> _Exercise aim_: The result should be the full listing copied exactly, with no pictures in it.

-------

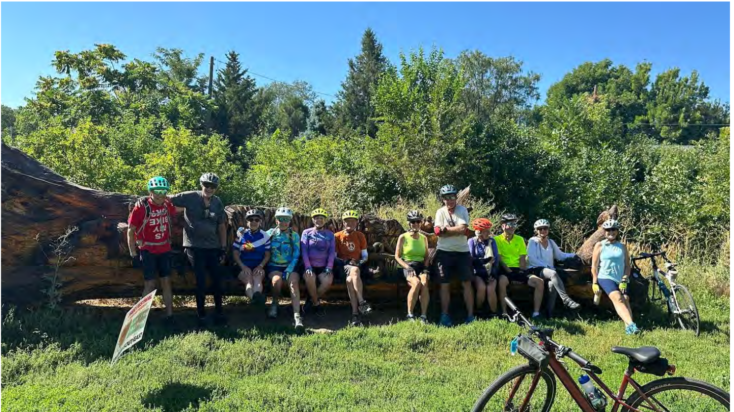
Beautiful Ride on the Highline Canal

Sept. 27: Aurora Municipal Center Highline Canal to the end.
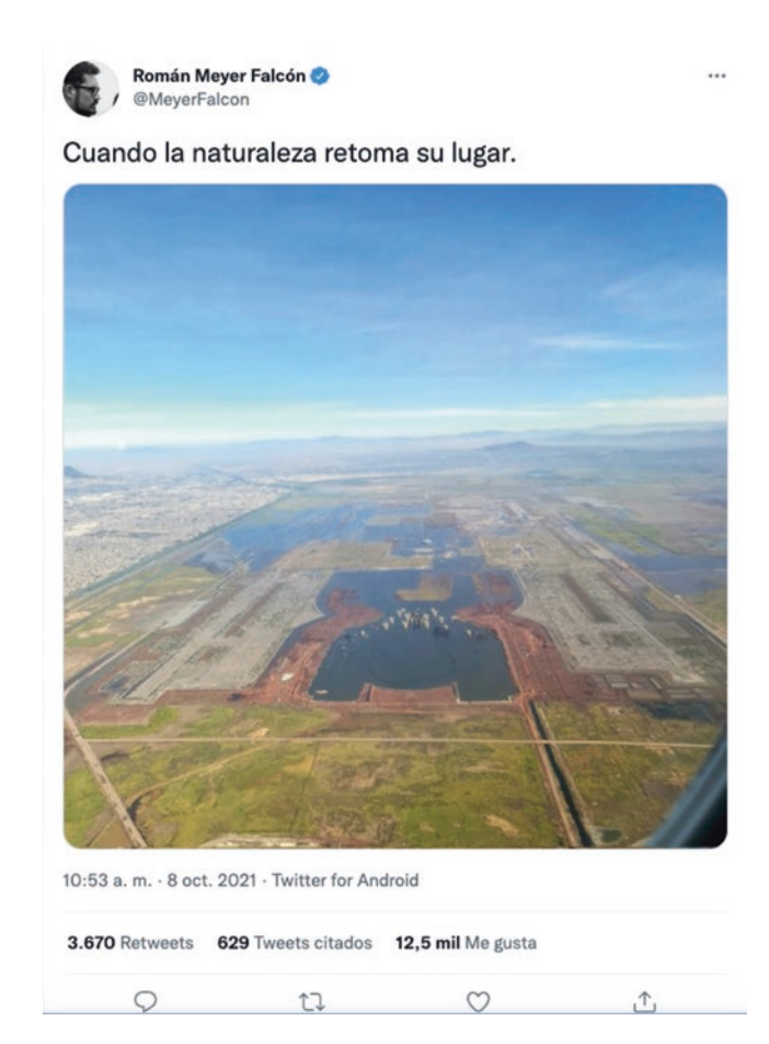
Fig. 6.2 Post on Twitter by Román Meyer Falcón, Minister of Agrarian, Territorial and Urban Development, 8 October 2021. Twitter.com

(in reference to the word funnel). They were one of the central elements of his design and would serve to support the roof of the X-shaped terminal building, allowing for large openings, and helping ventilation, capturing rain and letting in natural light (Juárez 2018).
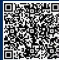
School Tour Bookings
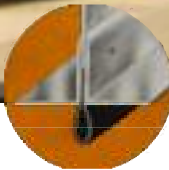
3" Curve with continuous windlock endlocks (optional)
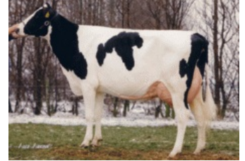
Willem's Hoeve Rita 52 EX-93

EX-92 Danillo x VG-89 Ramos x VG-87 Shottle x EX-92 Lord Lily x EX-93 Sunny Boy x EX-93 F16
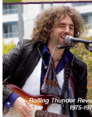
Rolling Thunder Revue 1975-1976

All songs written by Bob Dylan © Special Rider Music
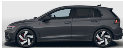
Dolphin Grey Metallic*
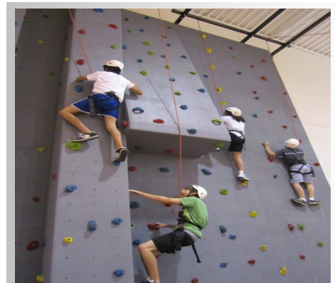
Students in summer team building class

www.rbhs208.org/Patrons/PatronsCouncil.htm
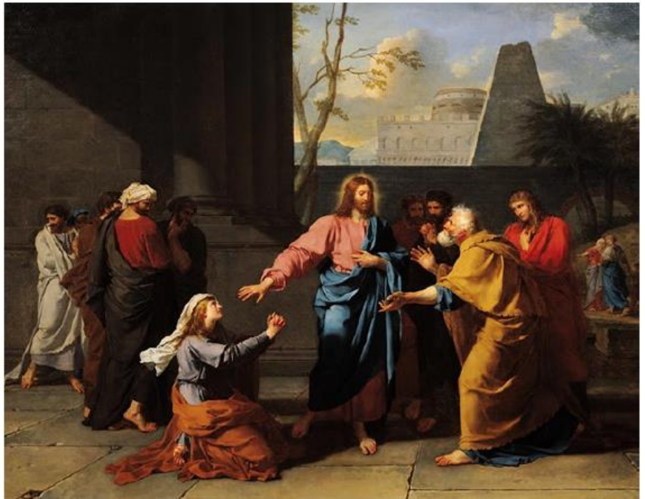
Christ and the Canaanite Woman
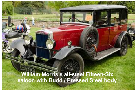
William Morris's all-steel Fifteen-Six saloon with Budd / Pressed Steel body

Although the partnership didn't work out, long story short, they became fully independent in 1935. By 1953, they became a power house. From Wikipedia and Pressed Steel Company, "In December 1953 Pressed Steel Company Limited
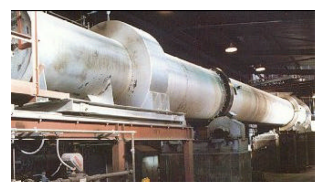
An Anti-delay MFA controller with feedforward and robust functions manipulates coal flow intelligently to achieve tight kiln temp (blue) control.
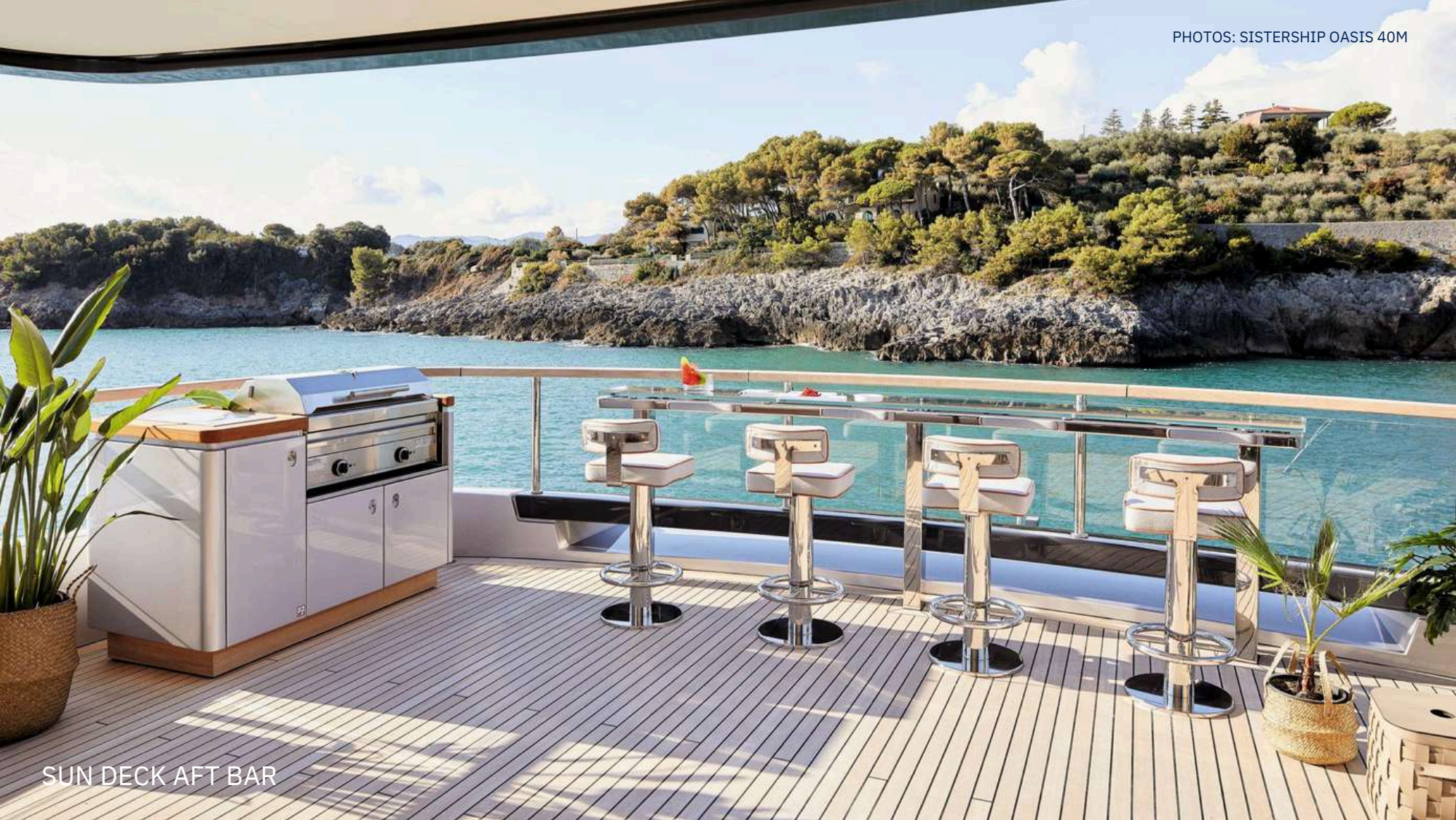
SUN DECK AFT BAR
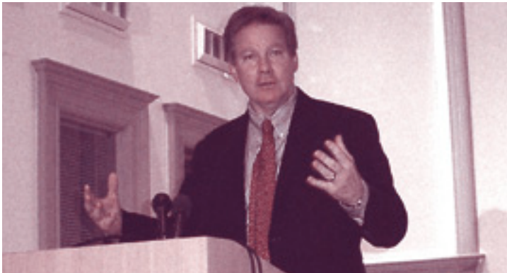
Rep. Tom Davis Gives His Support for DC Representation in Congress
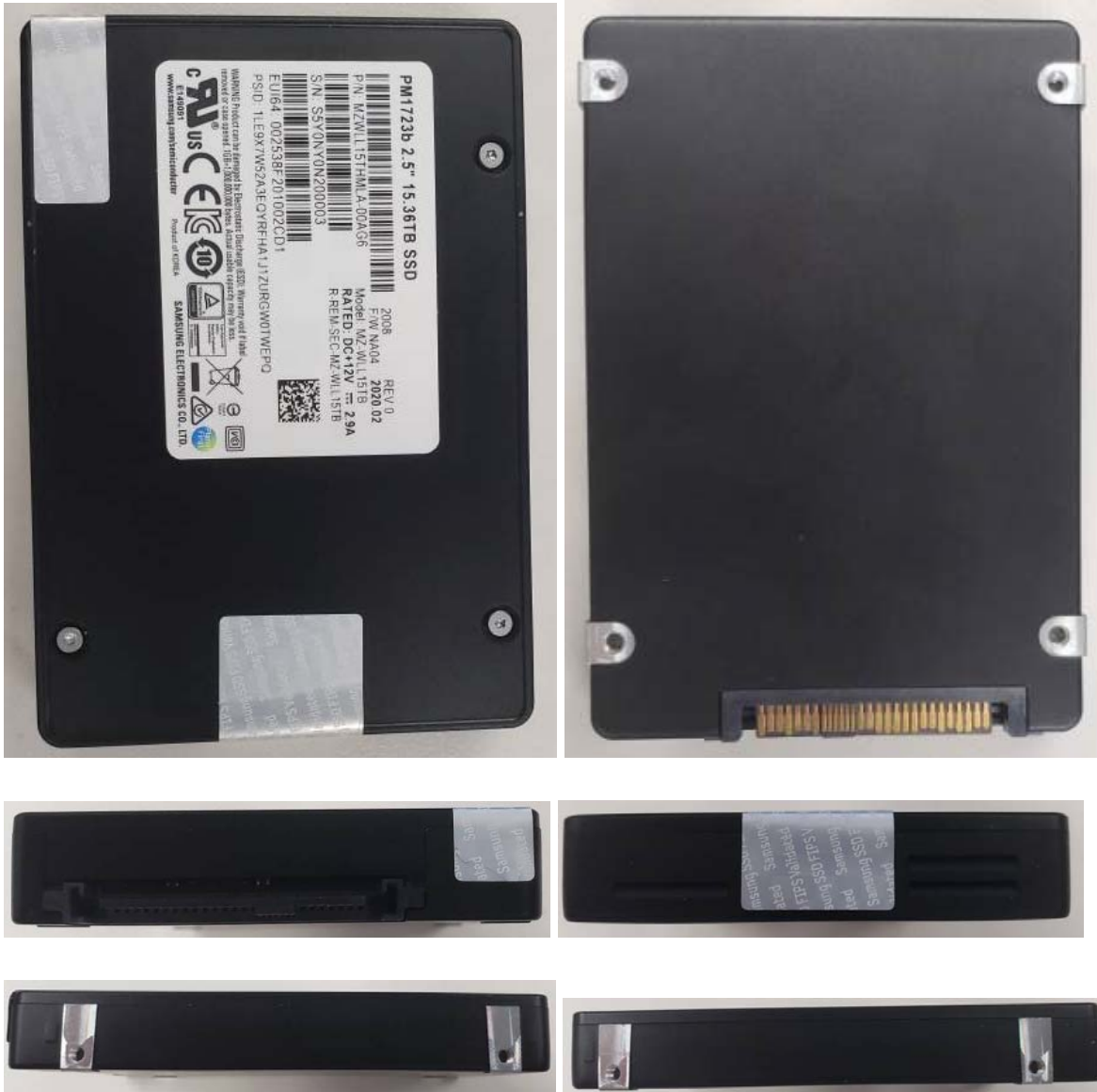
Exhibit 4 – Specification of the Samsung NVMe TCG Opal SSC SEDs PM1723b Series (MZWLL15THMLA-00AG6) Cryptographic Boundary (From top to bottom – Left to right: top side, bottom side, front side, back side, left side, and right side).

-------

> _The completed task_:
Beautiful Ride on the Highline Canal

Sept. 27: Aurora Municipal Center Highline Canal to the end.
Fig. 6.2 Post on Twitter by Román Meyer Falcón, Minister of Agrarian, Territorial and Urban Development, 8 October 2021. Twitter.com

(in reference to the word funnel). They were one of the central elements of his design and would serve to support the roof of the X-shaped terminal building, allowing for large openings, and helping ventilation, capturing rain and letting in natural light (Juárez 2018).
School Tour Bookings
3" Curve with continuous windlock endlocks (optional)
Willem's Hoeve Rita 52 EX-93

EX-92 Danillo x VG-89 Ramos x VG-87 Shottle x EX-92 Lord Lily x EX-93 Sunny Boy x EX-93 F16
Rolling Thunder Revue 1975-1976

All songs written by Bob Dylan © Special Rider Music
Dolphin Grey Metallic*
Students in summer team building class

www.rbhs208.org/Patrons/PatronsCouncil.htm
Christ and the Canaanite Woman
William Morris's all-steel Fifteen-Six saloon with Budd / Pressed Steel body

Although the partnership didn't work out, long story short, they became fully independent in 1935. By 1953, they became a power house. From Wikipedia and Pressed Steel Company, "In December 1953 Pressed Steel Company Limited
An Anti-delay MFA controller with feedforward and robust functions manipulates coal flow intelligently to achieve tight kiln temp (blue) control.
SUN DECK AFT BAR
Rep. Tom Davis Gives His Support for DC Representation in Congress
Exhibit 4 – Specification of the Samsung NVMe TCG Opal SSC SEDs PM1723b Series (MZWLL15THMLA-00AG6) Cryptographic Boundary (From top to bottom – Left to right: top side, bottom side, front side, back side, left side, and right side).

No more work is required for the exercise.